And I have them write a simplified fear inventory and a sex inventory. I put a time limit on inventories. I will not allow people to drag those out. Why? Because I've had the experience Joe talked about.
The actual time writing an inventory, as you all know from your own experience, probably like I don't know how he phrased it, but you take 6 months to write it, but the actual time is 3 days. And your experience is you're gonna live that inventory as you take that 6 months. So I've learned to put a time frame on inventory. If they get stuck and I'm gonna be working out of my house on a Saturday or something, I have them come over and sit in my house, weepray, and I have them right in my house. Because sometimes it's simple questions and they get stuck on.
And I get them through that. Why? Because they need power. Then we do the 5th step. If I if I get asked to work with people that have time in the program, I always have them do multiple 5th steps.
And if they've been sober a long time, they really bulk at that. I, I remember one woman, when she came to me, she had 32 years. She really bulked at multiple 5th steps. I said, I don't care about your bulking. You asked me to take you through the work.
I have some things that you don't have. You're gonna do what I say. Book says person to persons, right? So you can always use the book to get your way. She says yes.
So I found 1 woman who had about 2 years sobriety which really made her angry because she had this superiority. And then I had her do it with a man who had been sober for a long time, and then I had her do one with me. If they're new, I don't always have them do multiple 5th steps. It depends. If if they are completely ego bound, bound to their mind, I have found multiple 5th steps is a very freeing exercise.
So I will have them do that. Then I give them different exercises for 6 or 7. Over the years, I've learned learned discernment with each individual that sits across from me. Then, of course, we get to we get to amends. We make the list.

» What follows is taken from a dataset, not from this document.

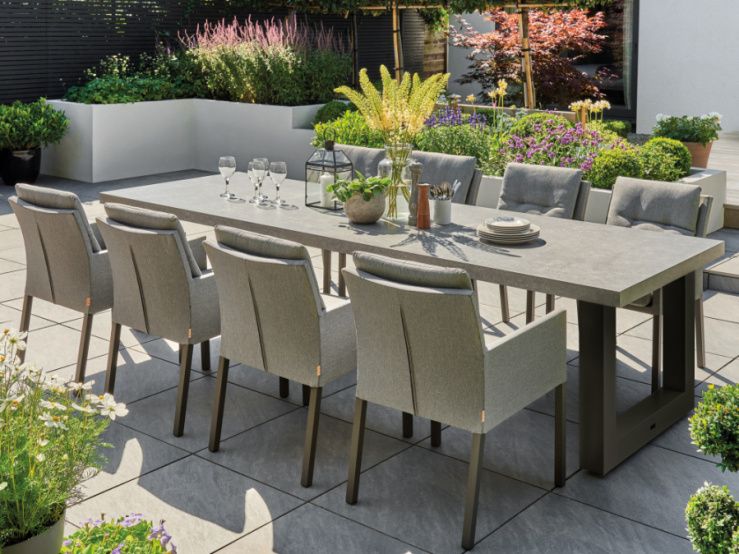 Luxusní typ zahradní stolové sestavy, která Vás upoutá na první pohled. Stůl Stelvio má hliníkový rám a stolová deska je z Ceramic Concrete look (keramická stolová deska). S délkou stolu 300 cm k němu pohodlně usadíte velkou skupinu přátel během zahradní party, a každý bude mít dostatečné pohodlí. Židle má hliníkovou konstrukci a je potažená speciální outdoorovou látkou SOLTEX, která je jemná na dotyk, ale splňuje všechna kritéria k tomu, aby mohla být venku celoročně.
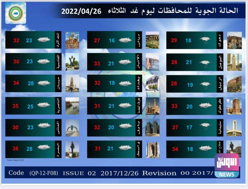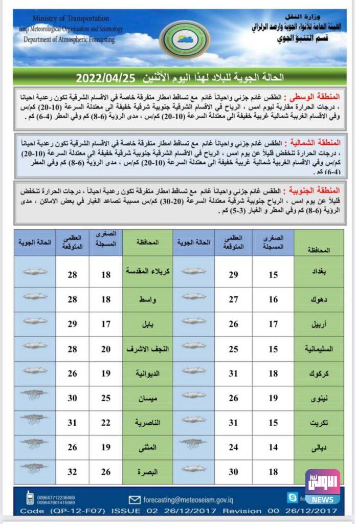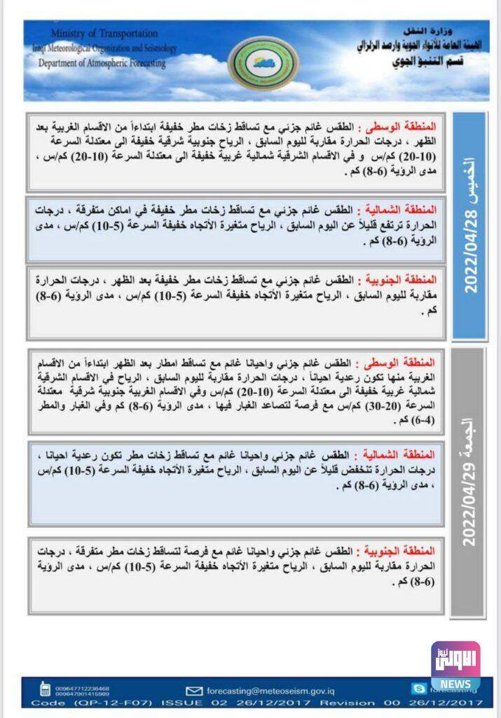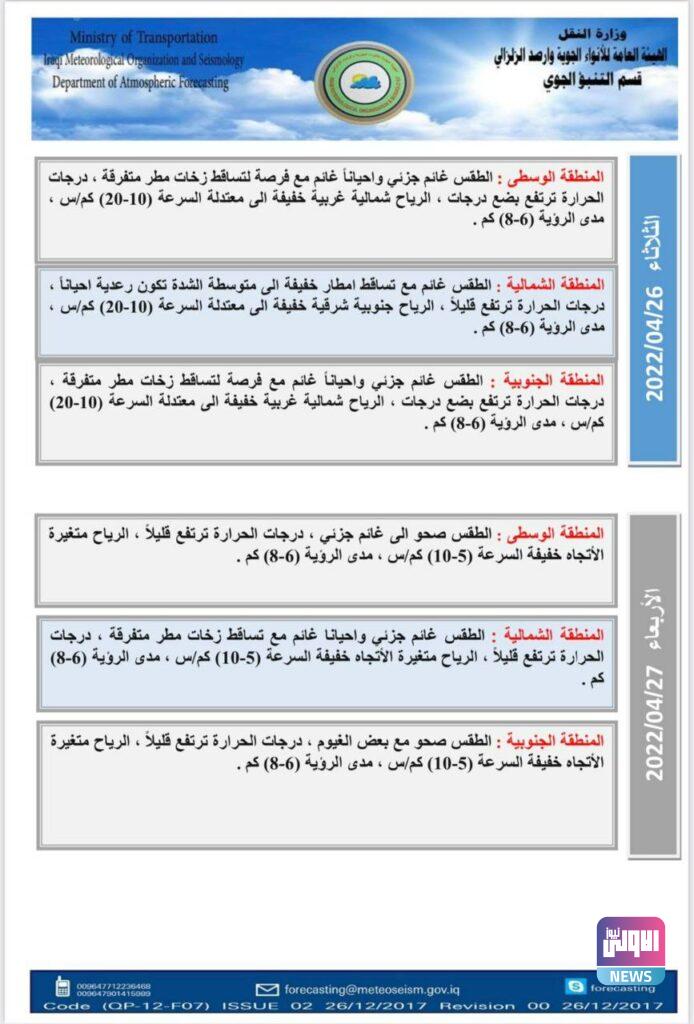 وأضاف البيان، أن “طقس يوم الأربعاء سيكون صحواً الى غائم جزئي في المنطقة الوسطى، بينما سيكون طقس المنطقة الشمالية غائماً جزئياً واحياناً غائماً مع تساقط زخات مطر متفرقة ، فيما سيكون طقس المنطقة الجنوبية صحواً مع بعض الغيوم ، أما درجات الحرارة فسترتفع قليلاً بعموم البلاد”.

I like to still have them use cards, and we will sit down and talk about it. And anyone I take through the process anymore when we get to the 9th step, whenever they call me, I don't even say hello. I say, how many approaches have you made? How many amends? All they ever hear out of me is how many?
They don't hear you having a nice day. Nothing. How many amends have you made? The reason is I'm trying to keep in their consciousness what they're doing right now, which is making amends. Then I also have them read the pages in the book that describe the amends process every morning as they begin to practice the disciplines of 10, 11.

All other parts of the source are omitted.